Line Segment Calculator
Line Segment Calculator 📏
Calculate all parameters of a line segment between two points on the coordinate plane. Find length, midpoint, division point in given ratio, and slope angle.
📐 Essential Formulas
- Length: d = √[(x₂-x₁)² + (y₂-y₁)²]
- Midpoint: M((x₁+x₂)/2, (y₁+y₂)/2)
- Division in ratio m:n: P((mx₂+nx₁)/(m+n), (my₂+ny₁)/(m+n))
- Slope angle: α = arctan((y₂-y₁)/(x₂-x₁))
🎯 What you can calculate:
- ✅ Segment length from endpoint coordinates
- ✅ Midpoint coordinates of the segment
- ✅ Division point in a given ratio
- ✅ Slope angle with respect to x-axis
- ✅ Line equation passing through the points
- ✅ Distance from point to the line
📚 Applications:
Used in coordinate geometry, computer graphics, GPS navigation, architectural design, and physics for motion analysis.
Frequently Asked Questions
How to find the length of a line segment?
Use the distance formula: d = √[(x₂-x₁)² + (y₂-y₁)²]. This comes from the Pythagorean theorem applied to the right triangle formed by the coordinates.
What is the midpoint of a segment?
The midpoint is the point that divides the segment into two equal parts.

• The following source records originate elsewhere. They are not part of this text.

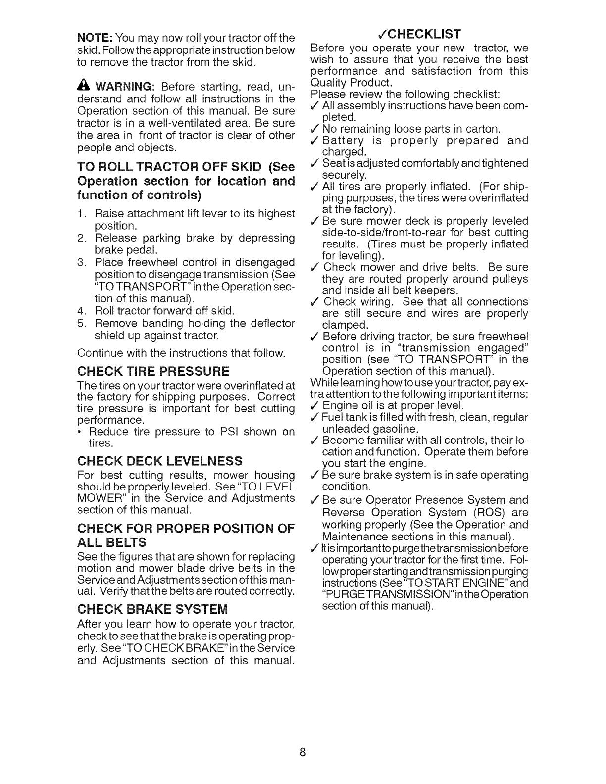 _b ARNING: To avoid serious injury, operate your tractor up and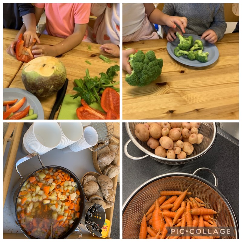 Vi har lagd grønnsakssuppe, på høstfesten. Og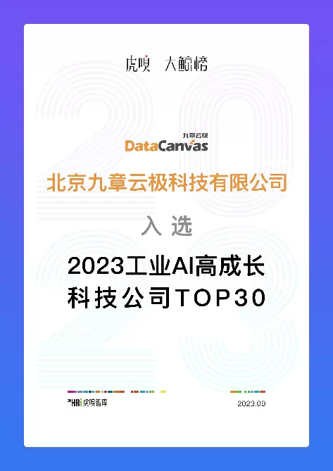 九章云极DataCanvas公司近年来持续发力智能制造行业,通过自主研发的AI软件产品和系列解决方案,为制造行业数智化升级提供一站式全流程的AI基础“软”设施服务,并不断拓宽制造行业多样业务场景中AI应用的广度和深度,加速AI规模化应用。凭借领先的前沿AI技术和丰富的场景建设经验,在9月7日至8日召开的虎嗅2023工业AI大会上,九章云极DataCanvas公司荣获“大鲸榜·2023工业AI高成长科技公司TOP30”,再次印证公司赋能制造行业数智化升级的AI基础软件能力备获市场及媒体认可。

Its coordinates are: M((x₁+x₂)/2, (y₁+y₂)/2).
How to divide a segment in a given ratio?
To divide segment AB in ratio m:n, the division point P has coordinates: P((mx₂+nx₁)/(m+n), (my₂+ny₁)/(m+n)).
What does the slope angle mean?
The slope angle is the angle between the line segment and the positive direction of the x-axis, measured from 0° to 180°.
How to find the equation of a line through two points?
Use the point-slope form: y - y₁ = m(x - x₁), where m = (y₂-y₁)/(x₂-x₁) is the slope.